[Stored entries]
-.-.-
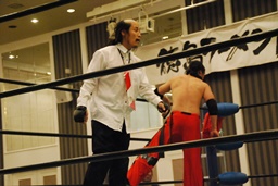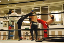 サンドイッチバズソーキック(左写真)、シュウがカバー、カウント3。
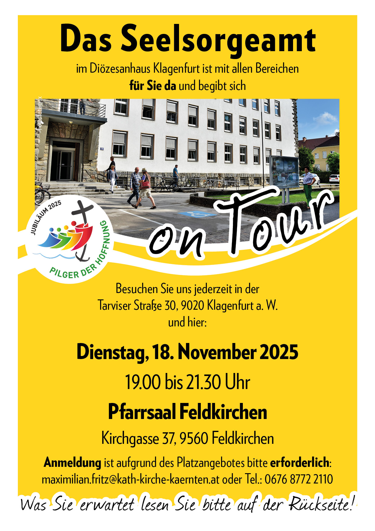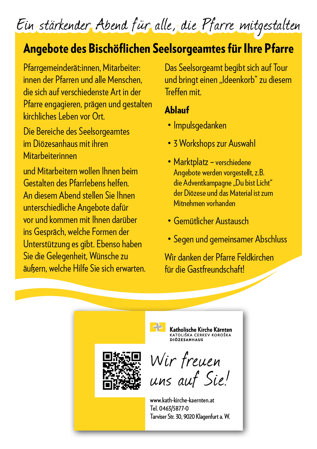 Besuchen Sie uns an diesem Abend im Pfarrzentrum Feldkirchen und wir erzählen Ihnen von unseren Angeboten und Hilfestellungen für Ihr Engagement in der Pfarre.
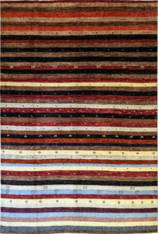 Alfombra anudada a mano por artesanos, con motivos sobrios, estilizados y lineales. Sor tejidas por pueblos nómades y su tradición se remonta desde el siglo XVI.
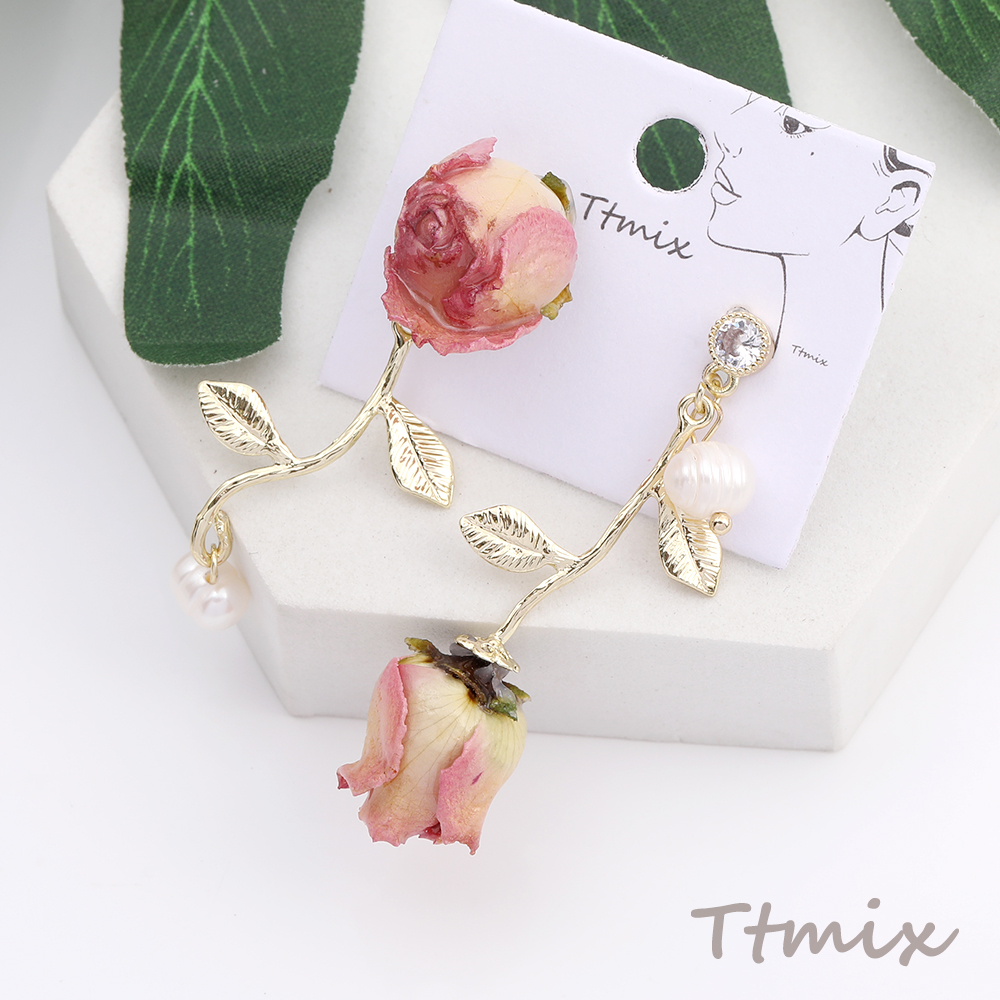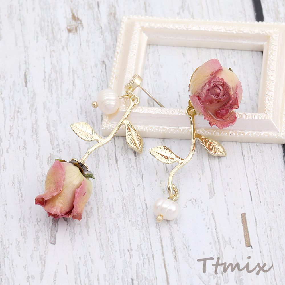 デザインピアス フラワー バラ 15×50mm(1ペア)
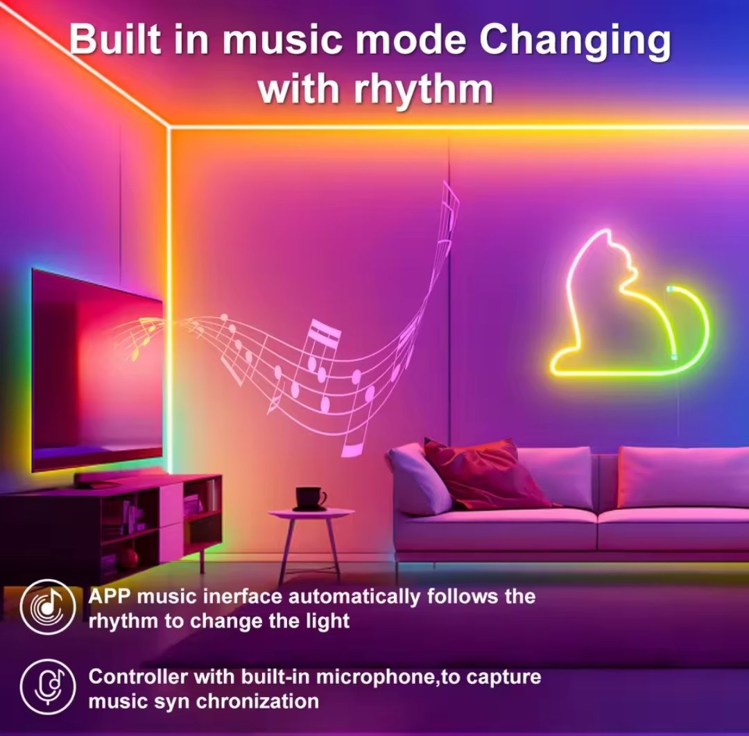 Bande LED Néon 5M – RVB Flexible – Contrôle APP – Télécommande – Suivi de Musique – Étanche
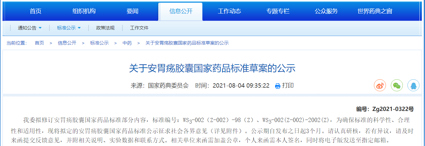 關于安胃瘍膠囊國家藥品標準草案的公示
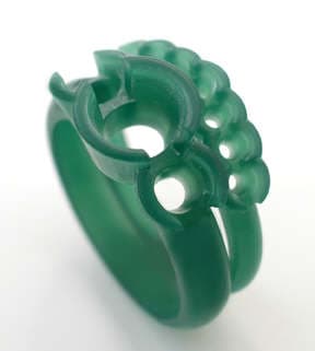 The waxes were milled using the Gemvision Revo 540 multiple axis mill. The total amount of time required for milling the two rings was less than 6 hours. The red arrow on the left indicates the wax that is being milled and the red arrow on the right points to the computer monitor showing the tool path that the cutter is following.
-.-.-
*Exercise requirements*
Please repeat the records above exactly, leaving every picture out.

*Task answer*
 サンドイッチバズソーキック(左写真)、シュウがカバー、カウント3。
 Besuchen Sie uns an diesem Abend im Pfarrzentrum Feldkirchen und wir erzählen Ihnen von unseren Angeboten und Hilfestellungen für Ihr Engagement in der Pfarre.
 Alfombra anudada a mano por artesanos, con motivos sobrios, estilizados y lineales. Sor tejidas por pueblos nómades y su tradición se remonta desde el siglo XVI.
 デザインピアス フラワー バラ 15×50mm(1ペア)
 Bande LED Néon 5M – RVB Flexible – Contrôle APP – Télécommande – Suivi de Musique – Étanche
 關于安胃瘍膠囊國家藥品標準草案的公示
 The waxes were milled using the Gemvision Revo 540 multiple axis mill. The total amount of time required for milling the two rings was less than 6 hours. The red arrow on the left indicates the wax that is being milled and the red arrow on the right points to the computer monitor showing the tool path that the cutter is following.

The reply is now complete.